[[ Data for the task open ]]

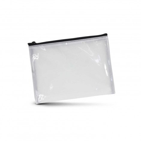 Small cosmetic bag which is manufactured from soft transparent plastic. It has a black zippered closure with black stitching and a polyester lining which can be branded in full colour on both sides at no extra cost. A production lead time of 20 working days applies to this product by air freight and larger orders can be sea freighted on request to reduce the freight cost.
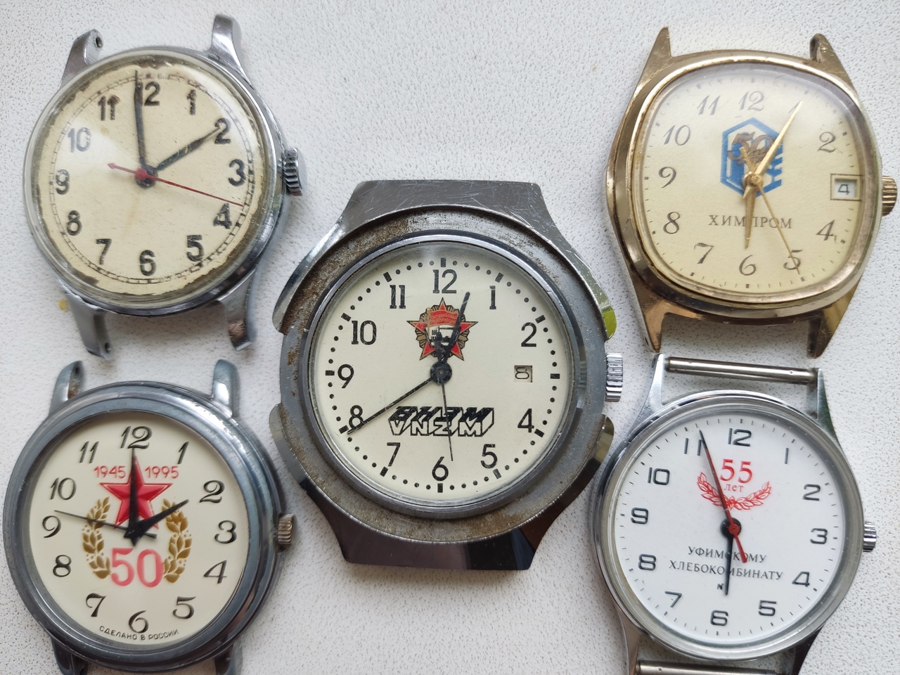 Прошу помощи в оценке часов неизвестных марок: все часы б/у,на ходу только часы с надписью химпром и 55 лет хлебокомбинату,остальным часам требуется ремонт.
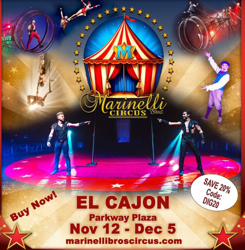 East County News Service November 6, 2025 (El Cajon) – A brand new circus is coming to San Diego’s East County. The Marinelli Brothers Circus brings its brand-new production titled “A New Experience”, bringing its signature mix of magic, heart-pounding excitement, and family fun to Parkway Plaza November 12 – December 5. An entertaining […]
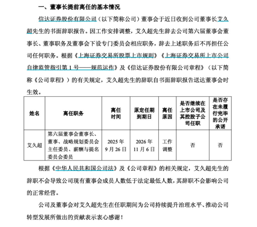 原董事长艾久超今年58岁,出任信达证券掌门人接近五年,任期原本将于2026年11月结束,此次提前离任是因工作安排调整。辞任后,艾久超不再担任信达证券任何职务。
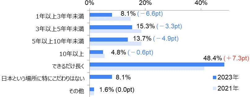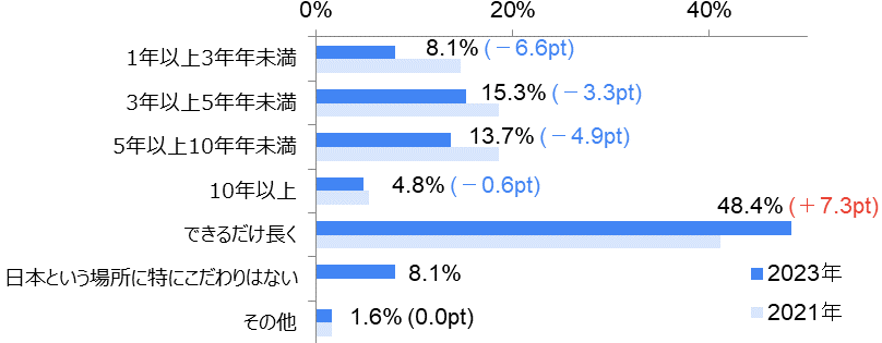「できるだけ長く」が2021年から7.3pt増え、半数近く(48.4%)となりました。明確な期間を選択する割合はどれも減少していたことから、特に期間を決めず、日本での雇用条件や状況に応じて、できるだけ長く働きたいと考えていることが推測できます。外国人社員は日本で勤務した後、勤務先企業の母国にある拠点や、帰国して日本企業の現地法人に入社するなど、日本で勤務した経験を母国で活かしたいと考える人もいるため、自分にとって最適な時期まで日本にいると考えているのかもしれません。

[[ Data for the task closed ]]

- _Exercise_:
From the line that holds "原董事长艾久超今年58岁,出" to the last line of the records, please copy each line exactly and nothing else. Pictures stay out.

- _Your response_:
 原董事长艾久超今年58岁,出任信达证券掌门人接近五年,任期原本将于2026年11月结束,此次提前离任是因工作安排调整。辞任后,艾久超不再担任信达证券任何职务。
「できるだけ長く」が2021年から7.3pt増え、半数近く(48.4%)となりました。明確な期間を選択する割合はどれも減少していたことから、特に期間を決めず、日本での雇用条件や状況に応じて、できるだけ長く働きたいと考えていることが推測できます。外国人社員は日本で勤務した後、勤務先企業の母国にある拠点や、帰国して日本企業の現地法人に入社するなど、日本で勤務した経験を母国で活かしたいと考える人もいるため、自分にとって最適な時期まで日本にいると考えているのかもしれません。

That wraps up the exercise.